**TASK MATERIAL**:

──────

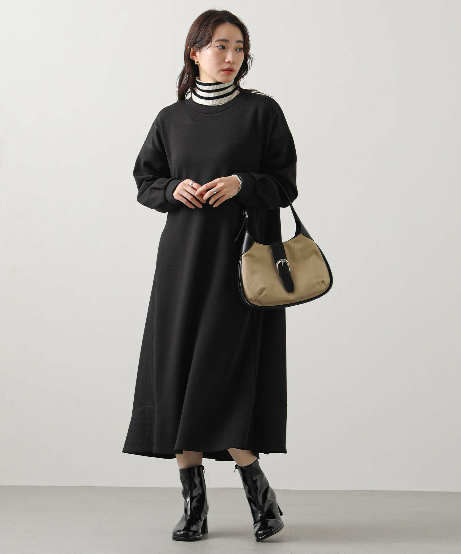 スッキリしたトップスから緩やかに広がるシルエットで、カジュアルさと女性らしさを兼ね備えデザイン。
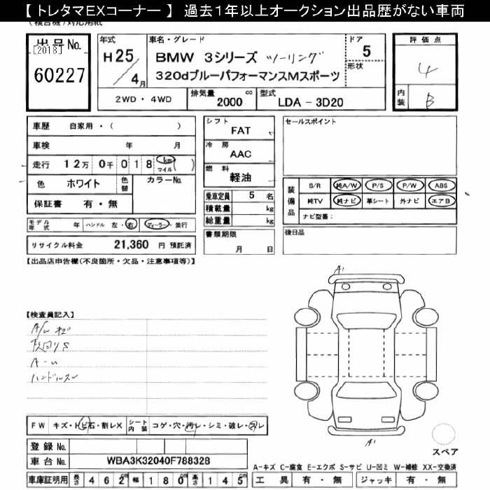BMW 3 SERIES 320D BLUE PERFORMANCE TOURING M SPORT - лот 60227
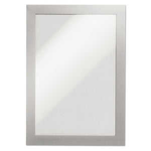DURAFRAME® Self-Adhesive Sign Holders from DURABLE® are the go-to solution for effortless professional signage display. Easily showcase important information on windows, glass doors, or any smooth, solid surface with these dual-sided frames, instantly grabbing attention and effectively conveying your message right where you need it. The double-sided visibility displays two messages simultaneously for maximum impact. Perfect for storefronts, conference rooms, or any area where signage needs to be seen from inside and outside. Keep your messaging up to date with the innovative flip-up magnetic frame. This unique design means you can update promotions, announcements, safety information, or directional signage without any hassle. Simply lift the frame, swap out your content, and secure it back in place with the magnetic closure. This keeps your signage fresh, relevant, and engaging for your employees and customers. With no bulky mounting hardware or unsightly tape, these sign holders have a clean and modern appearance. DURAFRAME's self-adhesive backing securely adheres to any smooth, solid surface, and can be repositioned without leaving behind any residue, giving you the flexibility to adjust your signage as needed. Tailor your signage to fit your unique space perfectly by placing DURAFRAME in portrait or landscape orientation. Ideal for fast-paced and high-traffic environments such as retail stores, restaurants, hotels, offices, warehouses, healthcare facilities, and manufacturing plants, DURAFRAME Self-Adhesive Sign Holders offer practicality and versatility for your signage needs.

──────

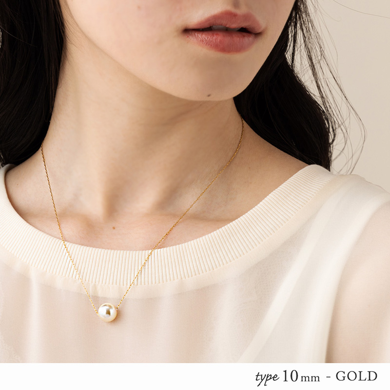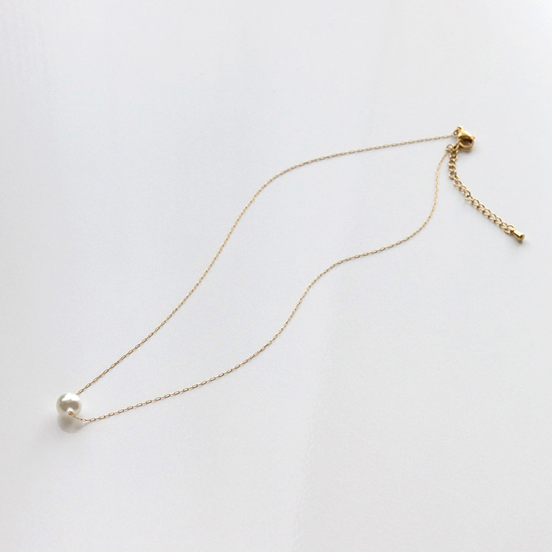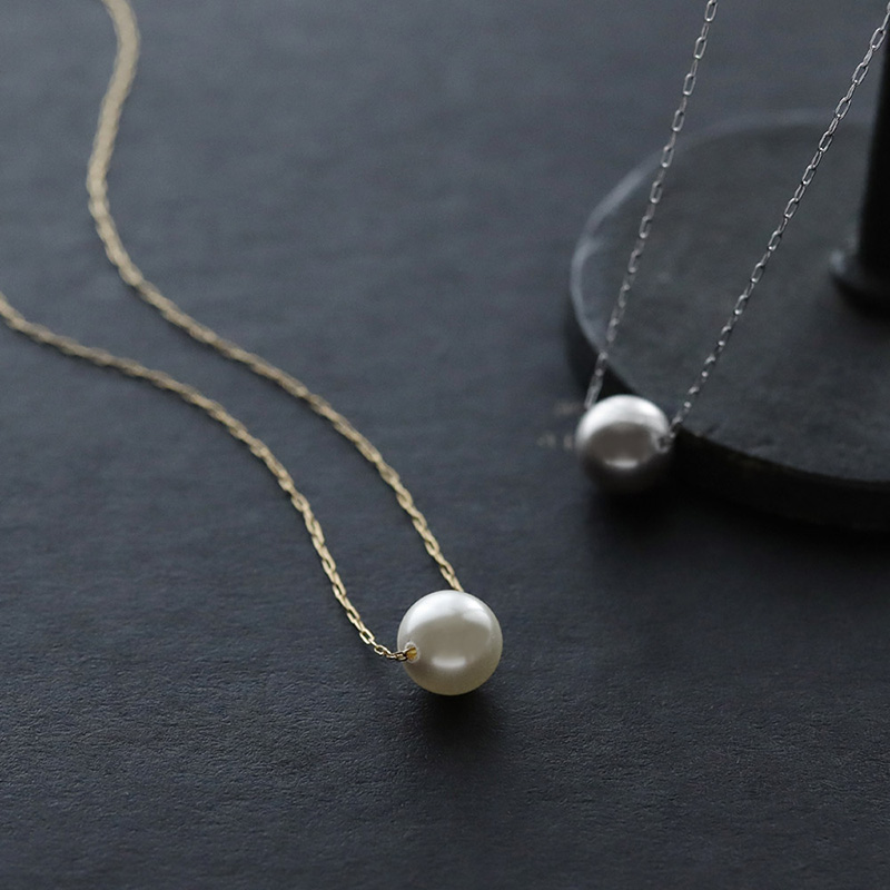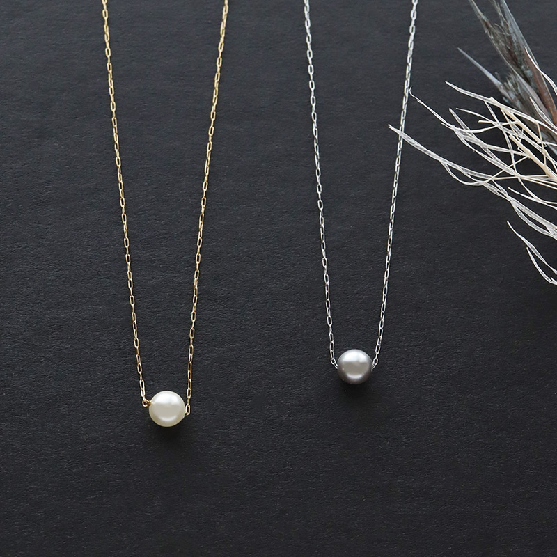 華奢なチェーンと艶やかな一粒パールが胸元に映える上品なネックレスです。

──────

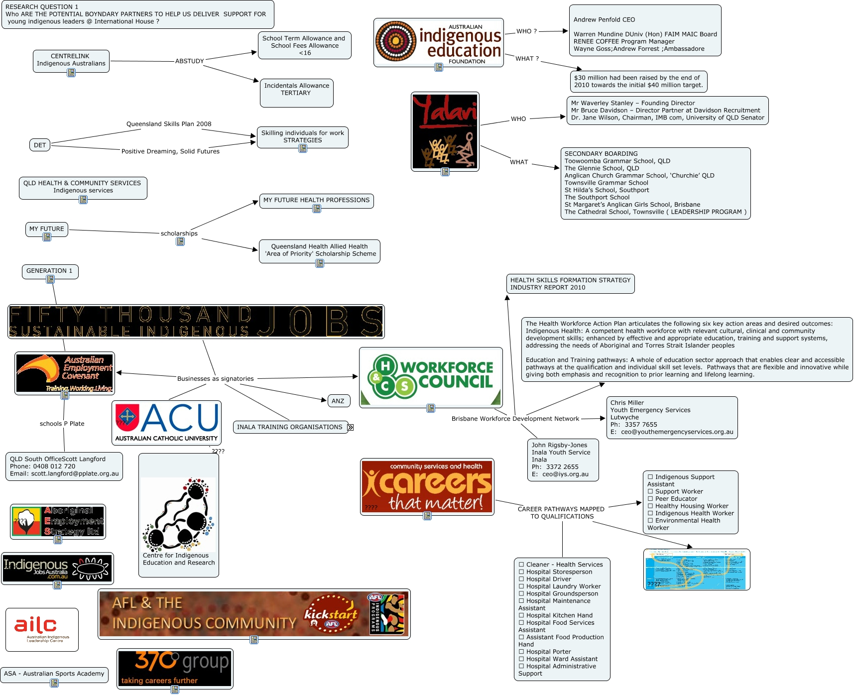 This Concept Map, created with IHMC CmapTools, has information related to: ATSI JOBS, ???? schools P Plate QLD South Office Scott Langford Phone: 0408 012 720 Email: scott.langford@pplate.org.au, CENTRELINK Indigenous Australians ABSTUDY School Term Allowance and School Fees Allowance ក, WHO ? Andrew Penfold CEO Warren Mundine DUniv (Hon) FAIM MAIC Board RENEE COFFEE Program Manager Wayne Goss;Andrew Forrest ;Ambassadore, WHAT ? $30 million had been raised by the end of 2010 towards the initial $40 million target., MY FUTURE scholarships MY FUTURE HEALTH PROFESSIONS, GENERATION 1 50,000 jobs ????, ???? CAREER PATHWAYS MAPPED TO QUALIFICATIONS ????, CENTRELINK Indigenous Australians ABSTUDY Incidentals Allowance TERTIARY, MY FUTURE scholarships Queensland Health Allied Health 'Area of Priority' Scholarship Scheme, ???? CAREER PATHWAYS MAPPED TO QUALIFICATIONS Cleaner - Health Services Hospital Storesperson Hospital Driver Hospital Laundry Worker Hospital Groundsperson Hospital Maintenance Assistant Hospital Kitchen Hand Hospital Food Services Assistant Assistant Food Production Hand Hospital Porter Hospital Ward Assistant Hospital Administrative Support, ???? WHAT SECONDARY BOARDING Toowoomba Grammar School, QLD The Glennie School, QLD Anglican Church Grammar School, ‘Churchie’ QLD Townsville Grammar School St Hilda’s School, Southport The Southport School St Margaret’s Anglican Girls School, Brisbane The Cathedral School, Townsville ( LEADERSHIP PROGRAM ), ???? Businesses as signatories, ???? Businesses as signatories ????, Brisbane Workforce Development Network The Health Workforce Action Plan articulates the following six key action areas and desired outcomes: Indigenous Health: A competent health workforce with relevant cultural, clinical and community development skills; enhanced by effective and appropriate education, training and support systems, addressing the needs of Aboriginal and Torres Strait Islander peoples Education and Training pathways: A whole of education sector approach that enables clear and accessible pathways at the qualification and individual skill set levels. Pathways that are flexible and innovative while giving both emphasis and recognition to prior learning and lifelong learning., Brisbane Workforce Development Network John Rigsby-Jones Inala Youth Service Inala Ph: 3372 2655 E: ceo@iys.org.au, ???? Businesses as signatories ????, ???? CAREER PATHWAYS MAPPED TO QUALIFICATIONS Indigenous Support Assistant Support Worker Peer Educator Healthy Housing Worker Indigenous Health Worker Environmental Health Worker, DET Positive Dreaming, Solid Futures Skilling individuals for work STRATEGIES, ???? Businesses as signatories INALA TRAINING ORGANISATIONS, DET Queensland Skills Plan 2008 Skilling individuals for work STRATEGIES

──────

Go back to the listing above and write out the lines starting at the one with "スッキリしたトップスから緩や" and ending at the one with "BMW 3 SERIES", inclusive, exactly and without pictures.

**ANSWER SECTION**:
 スッキリしたトップスから緩やかに広がるシルエットで、カジュアルさと女性らしさを兼ね備えデザイン。
BMW 3 SERIES 320D BLUE PERFORMANCE TOURING M SPORT - лот 60227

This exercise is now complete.